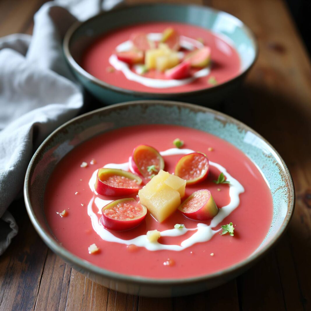 Eine köstliche und pikante Suppe aus Rhabarber und Kartoffeln, verfeinert mit einer Ingwer-Sahne.
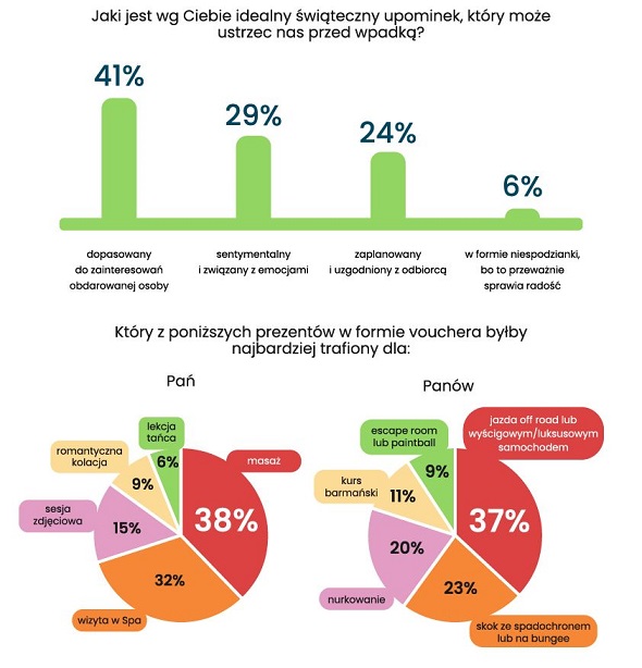 Jak wynika z badania serwisu PrezentmarzeÅ„ idealny upominek, który nas może ustrzec przed wpadkÄ… to dostosowany do zainteresowaÅ„ obdarowanej osoby (41%) lub zaplanowany i uzgodniony z odbiorcÄ… (24%). Mile widziane sÄ… również prezenty sentymentalne i zwiÄ…zane z emocjami (29%). WedÅ‚ug respondentek najbardziej trafionym prezentem dla PaÅ„ byÅ‚by masaż (32%) lub wizyta w SPA (32%). Mile widziana jest również sesja zdjÄ™ciowa (15%), romantyczna kolacja (9%) lub lekcja taÅ„ca (6%). Panowie jednak wolÄ… prezenty z wiÄ™kszÄ… dawka emocji jak na przykÅ‚ad jazda off road lub wyÅ›cigowym/luksusowym samochodem (37%), skok ze spadochronem lub na bungee (23%) czy nurkowanie (20%). Na liÅ›cie pojawiÅ‚ siÄ™ również kurs barmaÅ„ski (11%) czy escape room lub paintball (9%).
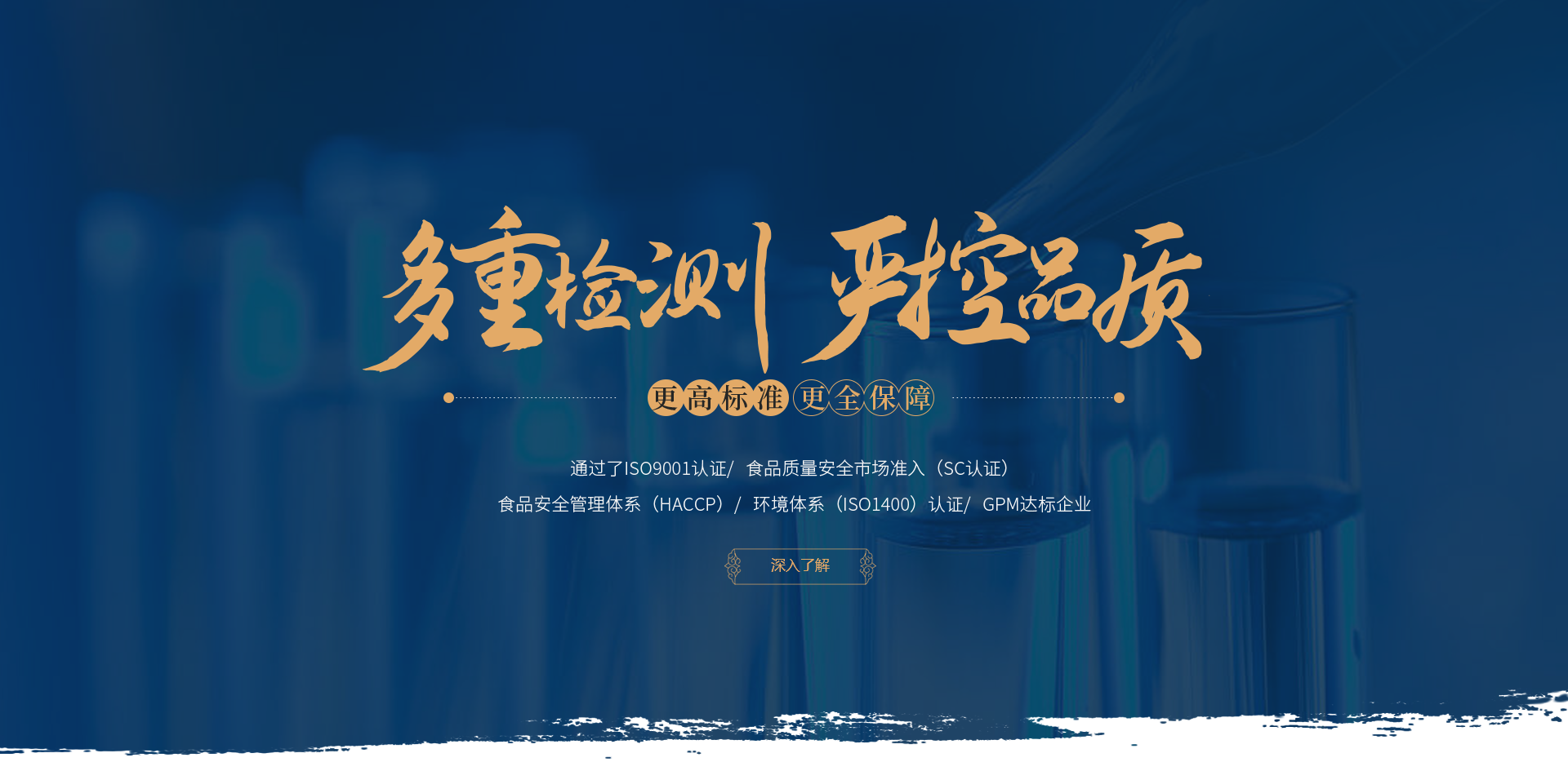 拥有现代化的生产厂房和生产设备,整体生产线严格遵守国家食品行业生产标准建立健全了产品质量保障体系,对生产、检验、储运、销售等实行全程监控
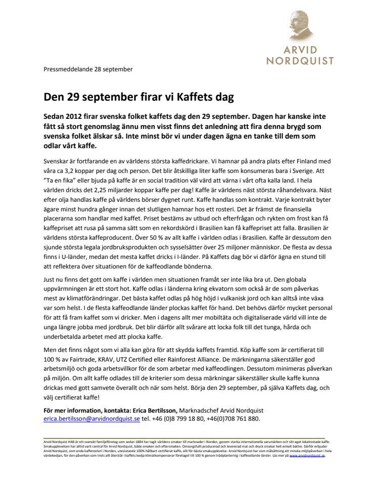 Sedan 2012 firar svenska folket kaffets dag den 29 september. Dagen har kanske inte fått så stort genomslag ännu men visst finns det anledning att fira denna brygd som svenska folket älskar så. Inte minst bör vi under dagen ägna en tanke till dem som odlar vårt kaffe.
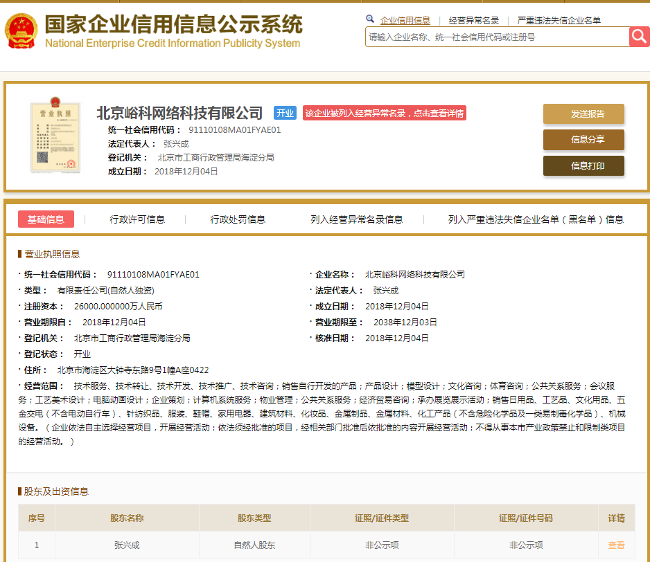 | 公司名称 | 北京峪科网络科技有限公司 | 信用代码 | 91110108MA01FYAE01 |
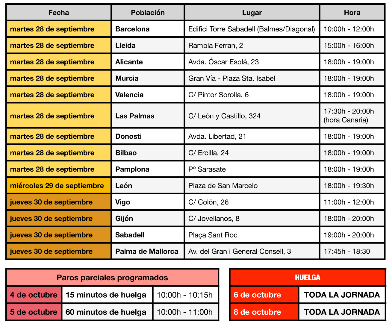 Detallamos las concentraciones de esta semana, así como las jornadas de huelga previstas:
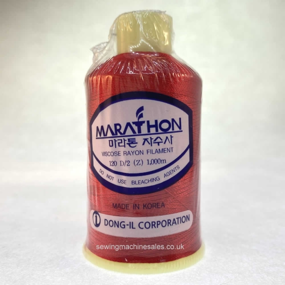 Marathon Cranberry Red thread is ready to use straight from it's cone. Each cone is 1000m which will last you a good length of time when embroidering. It is Viscose Rayon Filament which can be used on regular sewing machines or on any type of embroidery machine, whilst doing decorative stitching.
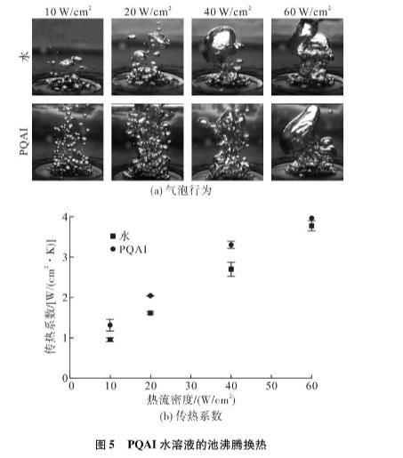 本文研究了PQAI溶液的池核沸騰換熱特性,試驗臺參數(shù)參考文獻(xiàn)。圖5顯示了PQAI溶液在臨界膠束濃度下的沸騰傳熱性能。與水相比,由于PQAI水溶液中表面張力的降低,沸騰時產(chǎn)生的氣泡數(shù)量顯著增加,氣泡半徑減小。此外,在低熱流密度下,可以明顯觀察到在氣泡脫離時氣泡聚結(jié)的趨勢減小,并且氣泡的形狀更接近球形。表面活性劑分子由極性親水頭和疏水性長尾組成。
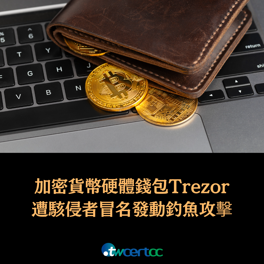 專門製造硬體加密貨幣冷錢包的 Trezor 公司,近日發布資安警訊,指出該公司遭到駭侵者冒名藉以發動釣魚攻擊活動,意圖騙取使用者設定的錢包復原短語,將用戶加密資金盜領一空。
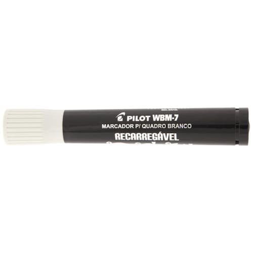 Marcador Para Quadro Branco Recarregável WBM-7 Preto Pilot Desenvolvido para o uso em quadro branco, possui ponta de acrílico que não danifica o quadro e tinta especial que apaga facilmente sem provocar manchas. Além disso, é recarregável com tinta Pilot para marcador WBM-7, basta abrir a tampa no final do corpo e recarregar. Características: Ponta de acrílico de 4,0mm Espessura da Escrita : 2,0mm Cor: Preto Marca: Pilot Marca: Não Informado Ean: 07897424081394
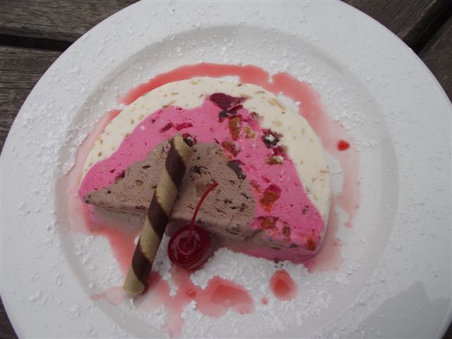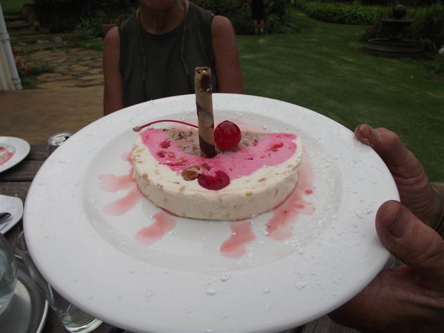 I opted for a very welcome quart of Windoek Draft but others could not resist Roy's cassata which looked and tasted delicious - it should be noted that Roy is dedicated to the village and to conservation of the area.
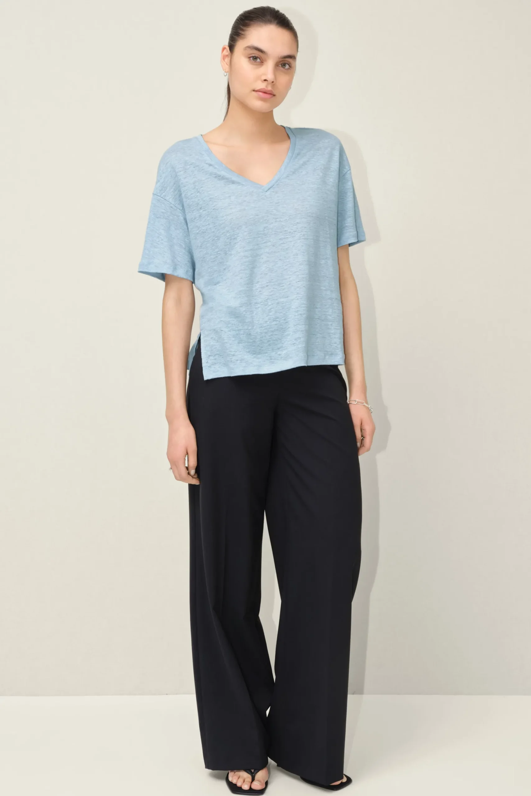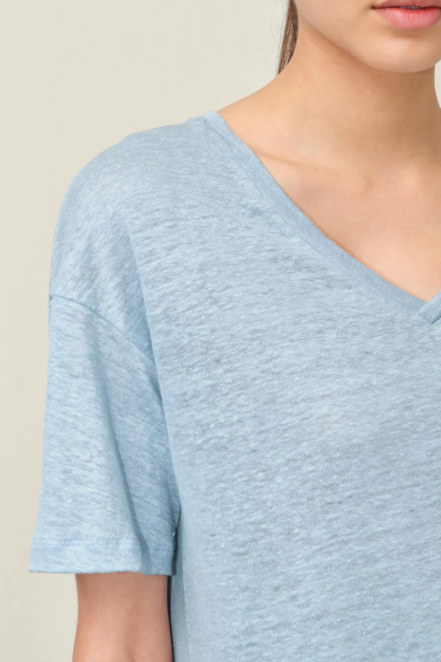 SVENNIE is een klassiek T-shirt met V-hals en halve mouwen in een relaxte pasvorm met dropped shoulders. Het zomerse linnen stuk is de perfecte metgezel voor warme dagen.
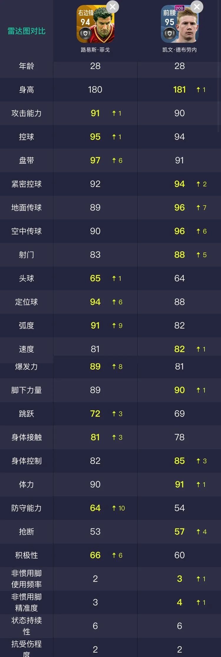 可以看到,两者大部分的数据还是蛮接近的,菲戈的盘控、速度、定位球稍微好一些,盘控的技能也多。丁丁的传球、射门略微占优。不过菲戈虽然传球不如丁丁,但是菲戈多了一个单触啊!!万年没有单触的丁丁真的哭晕在厕所。如果是斜上箭头的菲戈,在雷达图上就基本把丁丁给包起来了
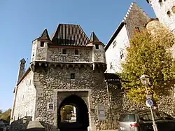 Stolberg (Rheinland) [], amtlich Kupferstadt Stolberg (Rhld.), ist als Große Mittelstadt ein Mittelzentrum und eine regionsangehörige Stadt in der nordrhein-westfälischen Städteregion Aachen. Der Name der Stadt stammt von der inmitten der Stolberger Altstadt gelegenen Burg Stolberg, bei der die Ursprünge des Ortes liegen und die das Wahrzeichen der Stadt ist. Stolbergs Beinamen Kupferstadt und Älteste Messingstadt der Welt – Kupferstadt ist seit dem 24. Juli 2012 auch offizieller Titel von Stolberg[2] – weisen auf die lange Tradition seiner metallverarbeitenden Industrie, die der Stadt wirtschaftlichen Aufschwung, aber auch Altlasten brachte. Neben der Altstadt sind die Galmeiflora und die zahlreichen Kupferhöfe und Reitwerke sehenswert.
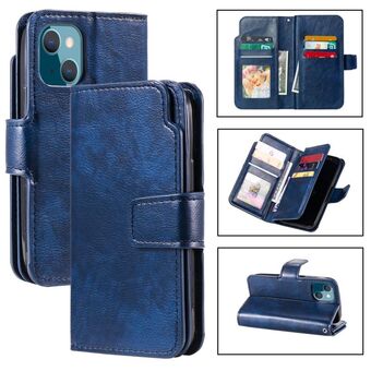 For iPhone 14 Litchi Texture 9 Card Tri-Fold Wallets Leather Phone Case(Blue)
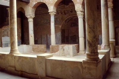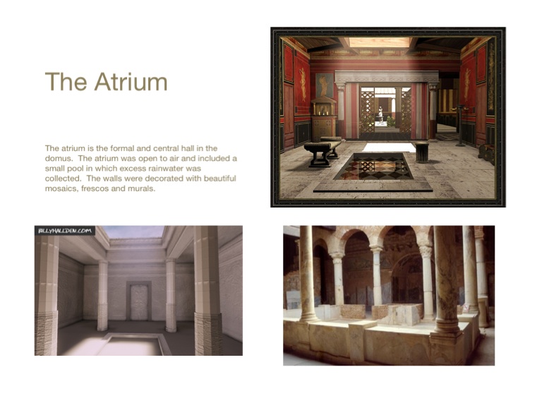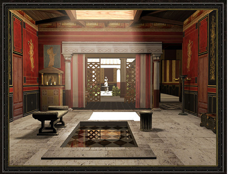 The atrium is the formal and central hall in the domus. The atrium was open to air and included a small pool in which excess rainwater was collected. The walls were decorated with beautiful
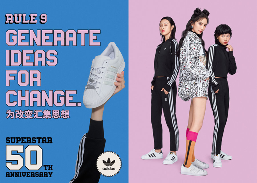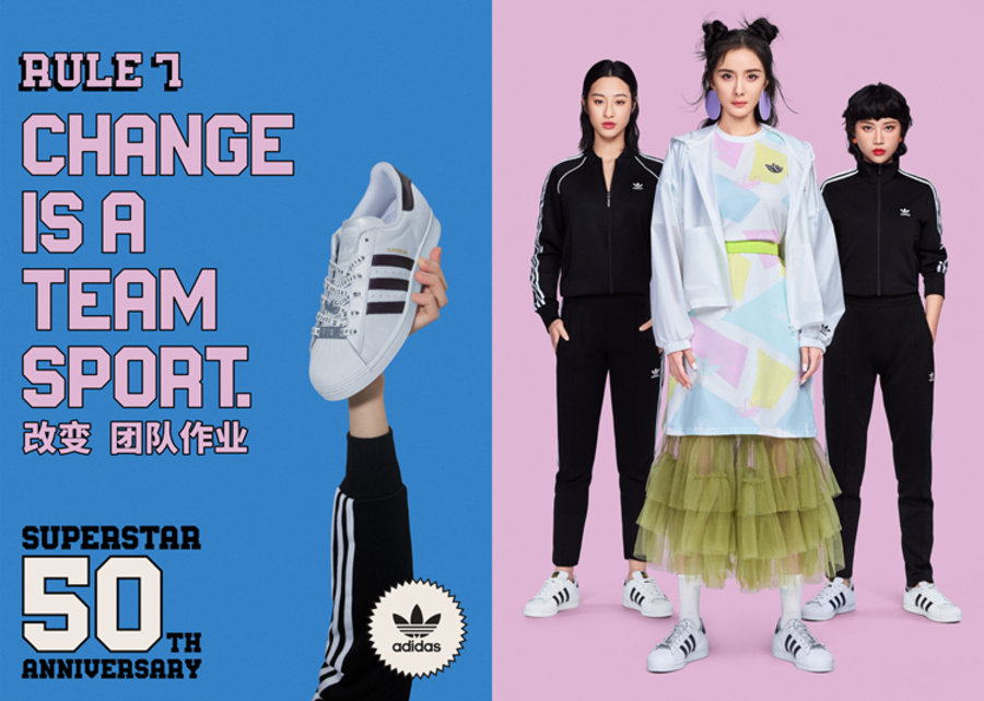 近日,adidas 召集旗下艺人易烊千玺、陈奕迅、杨幂、Angelababy和王嘉尔化身复古海报封面人物带来多款全新造型 adidas Superstar!
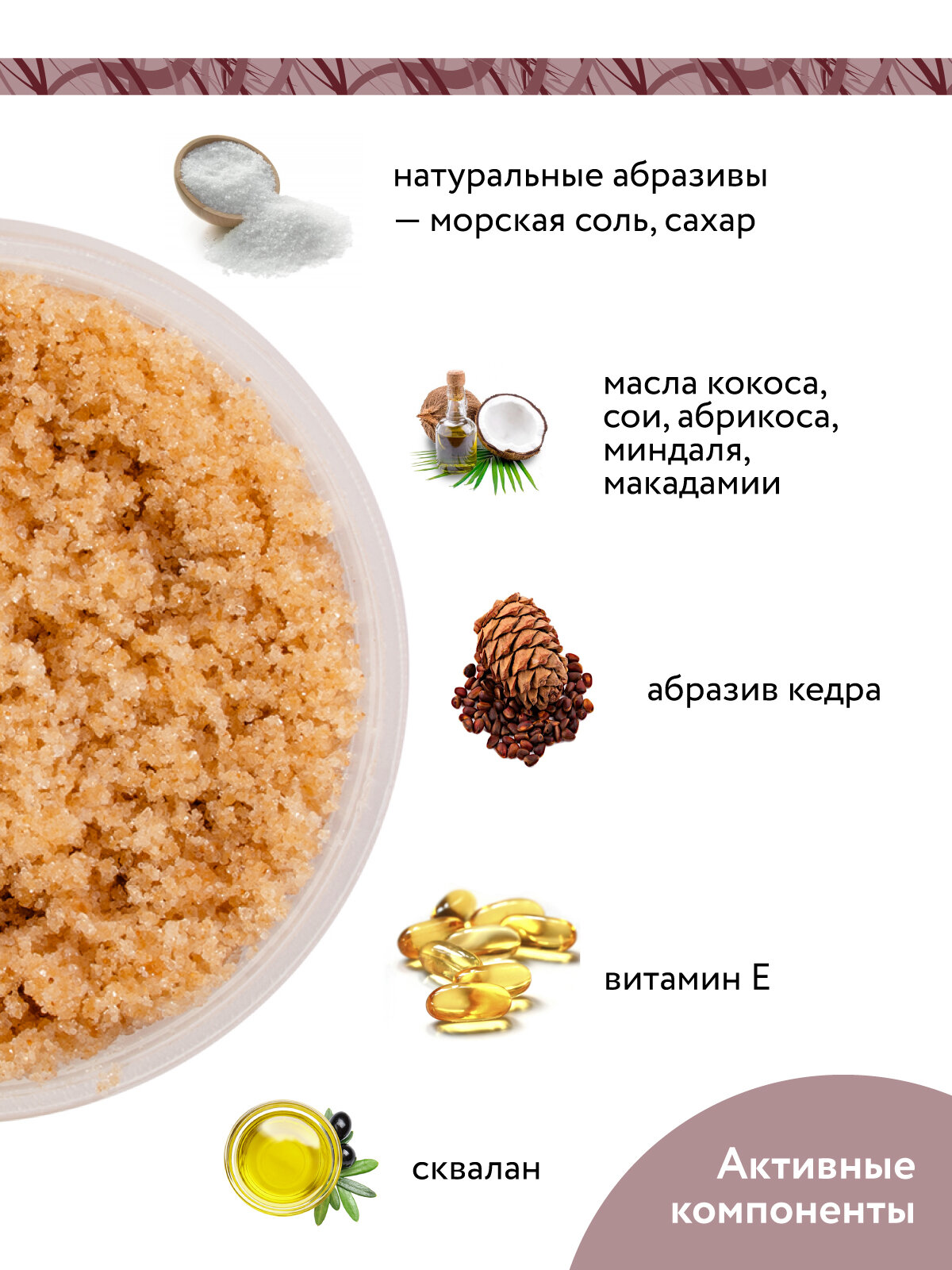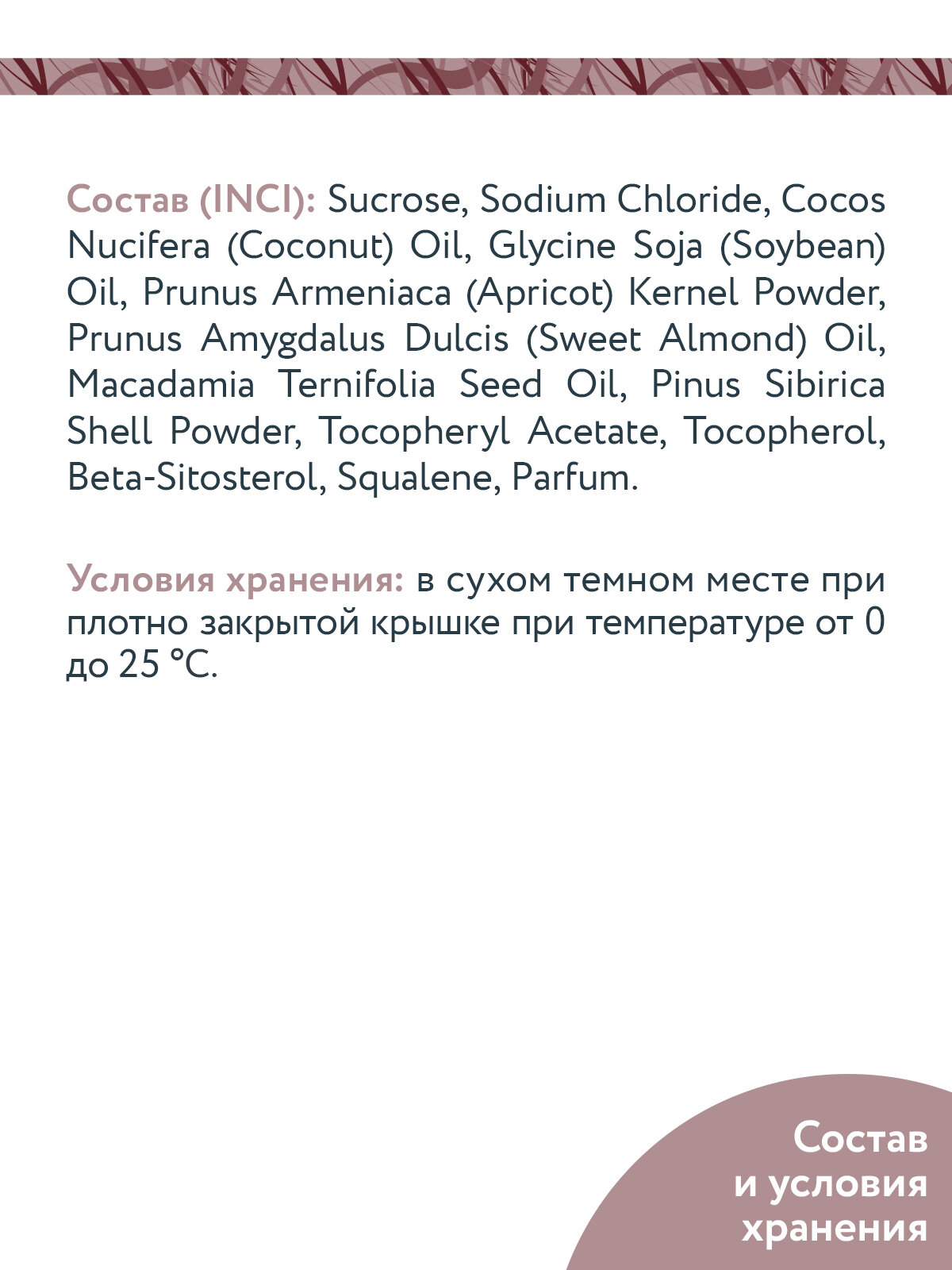 | Состав | sucrose, sodium chloride, cocos nucifera (coconut) oil, glycine soja (soybean) oil, prunus armeniaca (apricot) kernel powder, prunus amygdalus dulcis (sweet almond) oil, macadamia ternifolia seed oil, pinus sibirica shell powder, tocopheryl acetate, tocopherol, beta-sitosterol, squalene, parfum |
============================================================
Above are some records. Output exactly the lines from the one that contains "信用代码 | 91110108MA01FYAE01 |" to the one that contains "SVENNIE is een", keeping both, and omit the pictures.

● Solution to the problem
 | 公司名称 | 北京峪科网络科技有限公司 | 信用代码 | 91110108MA01FYAE01 |
 Detallamos las concentraciones de esta semana, así como las jornadas de huelga previstas:
 Marathon Cranberry Red thread is ready to use straight from it's cone. Each cone is 1000m which will last you a good length of time when embroidering. It is Viscose Rayon Filament which can be used on regular sewing machines or on any type of embroidery machine, whilst doing decorative stitching.
 本文研究了PQAI溶液的池核沸騰換熱特性,試驗臺參數(shù)參考文獻(xiàn)。圖5顯示了PQAI溶液在臨界膠束濃度下的沸騰傳熱性能。與水相比,由于PQAI水溶液中表面張力的降低,沸騰時產(chǎn)生的氣泡數(shù)量顯著增加,氣泡半徑減小。此外,在低熱流密度下,可以明顯觀察到在氣泡脫離時氣泡聚結(jié)的趨勢減小,并且氣泡的形狀更接近球形。表面活性劑分子由極性親水頭和疏水性長尾組成。
 專門製造硬體加密貨幣冷錢包的 Trezor 公司,近日發布資安警訊,指出該公司遭到駭侵者冒名藉以發動釣魚攻擊活動,意圖騙取使用者設定的錢包復原短語,將用戶加密資金盜領一空。
 Marcador Para Quadro Branco Recarregável WBM-7 Preto Pilot Desenvolvido para o uso em quadro branco, possui ponta de acrílico que não danifica o quadro e tinta especial que apaga facilmente sem provocar manchas. Além disso, é recarregável com tinta Pilot para marcador WBM-7, basta abrir a tampa no final do corpo e recarregar. Características: Ponta de acrílico de 4,0mm Espessura da Escrita : 2,0mm Cor: Preto Marca: Pilot Marca: Não Informado Ean: 07897424081394
 I opted for a very welcome quart of Windoek Draft but others could not resist Roy's cassata which looked and tasted delicious - it should be noted that Roy is dedicated to the village and to conservation of the area.
 SVENNIE is een klassiek T-shirt met V-hals en halve mouwen in een relaxte pasvorm met dropped shoulders. Het zomerse linnen stuk is de perfecte metgezel voor warme dagen.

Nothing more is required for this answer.